Toad urinary bladders were subjected to sequential 30-min stimulation with antidiuretic hormone (ADH) followed by 30-min hormone washout over 4 h in the absence of a transmural osmotic gradient. Immediately thereafter, during test stimulation with hormone in the presence of a transmural gradient, transbladder water flow was profoundly inhibited, but intra(luminal)membrane particle aggregates, presumed markers of luminal membrane water permeability, were as numerous as in fully responsive controls. The protocol followed was designed to eliminate any distorting effect of prior water flow on cytoplasmic organization and to equalize, for both experimental and control tissues, the time of aggregate presence in the luminal membrane during final test stimulation. On the assumption that cytoplasmically stored and/or newly synthesized aggregates would be unaffected by the protocol followed, these observations appear to be consistent with the view that bladder refractoriness to prolonged ADH treatment may involve regulation of tissue water permeability at a resistance distal to the luminal membrane.

Regulation of water permeability in toad urinary bladder at two barriers.

The effects of prostaglandin synthesis inhibition by naproxen were studied in toad bladder. Luminal membrane water permeability was evaluated both by the frequency of intramembranous particle aggregates in granular cell luminal membrane and by direct assessment of the rate of change of cell volume during perfusion of an anisosmotic solution. Total tissue water permeability was assessed by transbladder osmotic water flow. Inhibition of prostaglandin synthesis caused luminal membrane water permeability to increase much more than expected from tissue permeability measurements. The addition of a very low dose of antidiuretic hormone (ADH) (0.125 mU/ml) during prostaglandin synthesis inhibition increased luminal membrane water permeability to the same level as maximal stimulation with ADH, while tissue water permeability failed to increase proportionately. The results imply the presence of a regulatable barrier to water movement across toad bladder that is distal to the luminal membrane and subject to control by either prostaglandins or ADH.

Possible roles for microtubules and microfilaments in ADH action on toad urinary bladder.

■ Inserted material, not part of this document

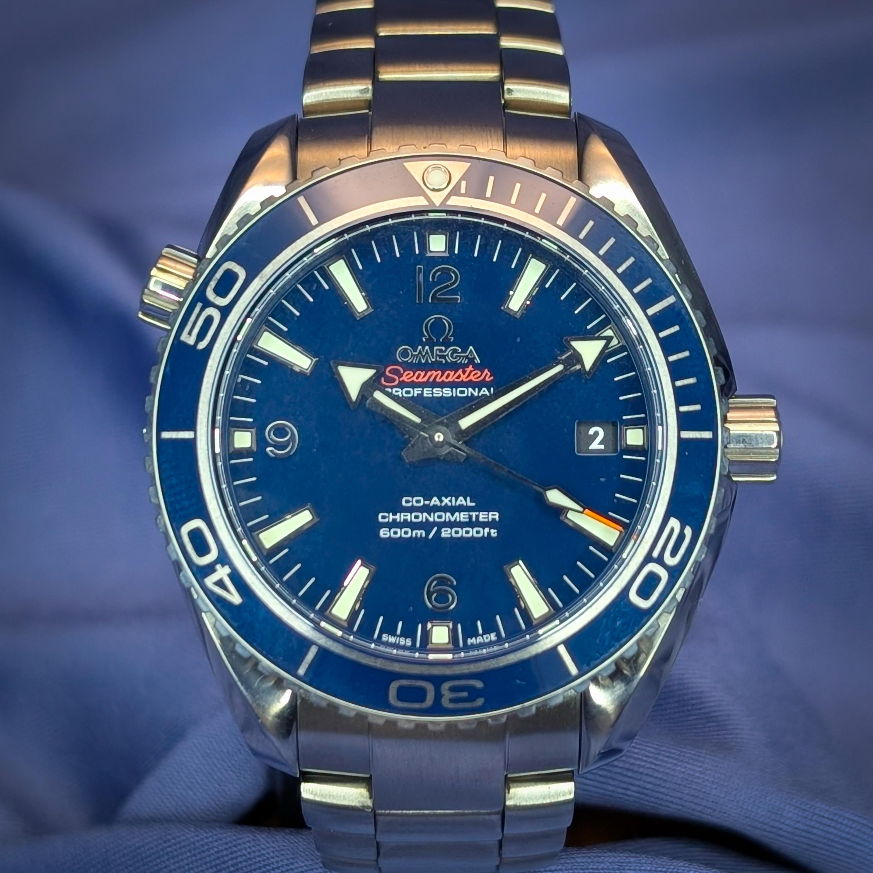 Omega Seamaster Planet Ocean 600m, 232.90.42.21.03.00, 42mm with titanium case and bracelet, blue dial and bezel, box & papers Timestamp: https://imgur.com/a/2e9OJ6q New to Reddit. Let's Zoom/Facetime, exchange socials/driver's licenses, etc. to help you feel comfortable with who I am and my trustworthiness. Here's your chance to own this stunning Omega Seamaster Planet Ocean 600m 42mm with titanium case, blue dial, titanium bracelet, and box & papers. Experience Omega's classic dive watch w...

Intramembranous particle aggregates in the luminal membrane of toad bladder granular cells after vasopressin stimulation have been found to correlate closely and specifically with induced alterations of water permeability. Roles for microtubules and microfilaments in mediating the latter response have been proposed on the basis of studies involving colchicine and cytochalasin B, respectively. In the present investigation the effects of these agents on both initiating and sustaining vasopressin-induced osmotic water flow and the particle aggregation phenomenon were studied. The results indicate that during initiation the aggregation and water flow responses to vasopressin are each colchicine- and cytochalasin B-sensitive and that these sensitivities can be wholly additive. However, after full vasopressin stimulation is established, the same responses demonstrate sensitivity only to cytochalasin B, not to colchicine. The findings, therefore, suggest that microtubules and microfilaments may be independently necessary for the initiation of the aggregation and water flow responses to vasopressin, and that microfilaments, but not microtubules, are required for their maintenance.